Constituency details
- Country: India
- Region: Western India
- State: Maharashtra
- District: Nagpur
- Lok Sabha constituency: Nagpur
- Established: 1967
- Total electors: 341,252
- Reservation: None

Member of Legislative Assembly
- 15th Maharashtra Legislative Assembly
- Incumbent Pravin Datke
- Party: BJP
- Alliance: NDA
- Elected year: 2024

= Nagpur Central Assembly constituency =

Constituency of the Maharashtra legislative assembly in India

Nagpur Central Assembly constituency is one of the 288 Vidhan Sabha (legislative assembly) constituencies of Maharashtra state, western India.

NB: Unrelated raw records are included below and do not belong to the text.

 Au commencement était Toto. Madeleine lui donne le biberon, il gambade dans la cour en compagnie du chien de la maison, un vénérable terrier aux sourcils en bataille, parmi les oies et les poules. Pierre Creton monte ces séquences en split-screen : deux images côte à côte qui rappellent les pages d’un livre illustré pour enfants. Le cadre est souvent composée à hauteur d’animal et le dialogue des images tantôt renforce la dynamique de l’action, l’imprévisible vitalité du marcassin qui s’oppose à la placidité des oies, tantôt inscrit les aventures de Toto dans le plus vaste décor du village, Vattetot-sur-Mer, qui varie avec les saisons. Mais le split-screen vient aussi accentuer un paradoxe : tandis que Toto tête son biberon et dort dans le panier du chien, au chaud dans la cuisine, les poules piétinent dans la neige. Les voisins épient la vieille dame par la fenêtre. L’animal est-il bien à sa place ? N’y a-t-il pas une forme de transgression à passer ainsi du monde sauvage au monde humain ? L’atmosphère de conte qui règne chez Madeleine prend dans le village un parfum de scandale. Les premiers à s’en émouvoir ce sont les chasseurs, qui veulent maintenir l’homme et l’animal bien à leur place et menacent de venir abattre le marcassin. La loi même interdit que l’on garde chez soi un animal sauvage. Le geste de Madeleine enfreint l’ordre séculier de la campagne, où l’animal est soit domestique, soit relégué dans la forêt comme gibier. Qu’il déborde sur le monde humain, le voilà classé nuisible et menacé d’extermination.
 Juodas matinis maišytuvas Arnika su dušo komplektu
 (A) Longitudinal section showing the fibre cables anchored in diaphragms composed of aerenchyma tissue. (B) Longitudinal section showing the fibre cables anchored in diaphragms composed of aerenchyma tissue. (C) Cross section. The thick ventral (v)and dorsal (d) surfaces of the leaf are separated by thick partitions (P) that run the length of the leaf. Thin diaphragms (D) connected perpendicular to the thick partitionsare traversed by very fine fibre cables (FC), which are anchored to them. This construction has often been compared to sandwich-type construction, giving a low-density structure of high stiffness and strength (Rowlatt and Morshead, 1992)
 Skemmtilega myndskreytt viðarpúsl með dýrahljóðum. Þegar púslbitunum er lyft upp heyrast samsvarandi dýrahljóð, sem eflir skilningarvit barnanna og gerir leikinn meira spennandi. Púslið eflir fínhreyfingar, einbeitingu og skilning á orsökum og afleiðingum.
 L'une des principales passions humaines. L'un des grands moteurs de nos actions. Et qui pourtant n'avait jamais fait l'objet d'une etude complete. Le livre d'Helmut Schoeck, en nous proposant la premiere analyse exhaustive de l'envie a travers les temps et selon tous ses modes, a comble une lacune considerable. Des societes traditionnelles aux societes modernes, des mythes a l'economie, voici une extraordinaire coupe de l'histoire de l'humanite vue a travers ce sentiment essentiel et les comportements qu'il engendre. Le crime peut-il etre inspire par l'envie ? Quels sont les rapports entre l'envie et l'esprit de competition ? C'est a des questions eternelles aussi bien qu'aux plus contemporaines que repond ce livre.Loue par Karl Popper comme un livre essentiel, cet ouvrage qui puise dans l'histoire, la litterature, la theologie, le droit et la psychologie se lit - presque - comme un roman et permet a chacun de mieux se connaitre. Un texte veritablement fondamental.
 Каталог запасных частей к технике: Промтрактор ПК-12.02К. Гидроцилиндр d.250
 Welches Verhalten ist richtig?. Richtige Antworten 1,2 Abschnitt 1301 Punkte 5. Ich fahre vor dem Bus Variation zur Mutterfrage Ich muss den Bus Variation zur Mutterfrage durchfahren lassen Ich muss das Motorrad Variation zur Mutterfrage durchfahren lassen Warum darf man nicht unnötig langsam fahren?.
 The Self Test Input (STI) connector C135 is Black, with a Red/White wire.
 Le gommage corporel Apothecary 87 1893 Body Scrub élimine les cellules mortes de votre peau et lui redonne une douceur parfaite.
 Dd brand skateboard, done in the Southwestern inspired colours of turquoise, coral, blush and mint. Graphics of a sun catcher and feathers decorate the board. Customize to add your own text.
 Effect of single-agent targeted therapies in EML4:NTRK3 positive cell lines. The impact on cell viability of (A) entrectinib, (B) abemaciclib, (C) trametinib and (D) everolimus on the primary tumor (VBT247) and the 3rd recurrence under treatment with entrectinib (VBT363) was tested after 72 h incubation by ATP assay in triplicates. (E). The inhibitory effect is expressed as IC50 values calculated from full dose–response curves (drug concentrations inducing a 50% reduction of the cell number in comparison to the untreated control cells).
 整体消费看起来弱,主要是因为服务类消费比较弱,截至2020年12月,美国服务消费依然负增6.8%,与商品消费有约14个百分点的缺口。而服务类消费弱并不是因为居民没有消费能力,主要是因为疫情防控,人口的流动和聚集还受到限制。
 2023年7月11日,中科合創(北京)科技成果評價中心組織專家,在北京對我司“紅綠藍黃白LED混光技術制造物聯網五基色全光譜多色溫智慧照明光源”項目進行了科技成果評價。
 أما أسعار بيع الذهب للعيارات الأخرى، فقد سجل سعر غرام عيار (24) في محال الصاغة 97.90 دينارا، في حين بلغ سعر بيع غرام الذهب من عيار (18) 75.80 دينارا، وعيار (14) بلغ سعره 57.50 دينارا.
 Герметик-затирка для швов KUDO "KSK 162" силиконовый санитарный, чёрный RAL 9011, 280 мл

It is one of the six assembly seats which make up Nagpur Lok Sabha constituency. The Constituency Number is 55. This constituency is located in Nagpur district. The delimitation of the constituency happened in 2008. It comprises parts of Nagpur Taluka, and Ward No. 66, 92 to 98, 109 to 119 and 121 to 129. of Nagpur Municipal Corporation.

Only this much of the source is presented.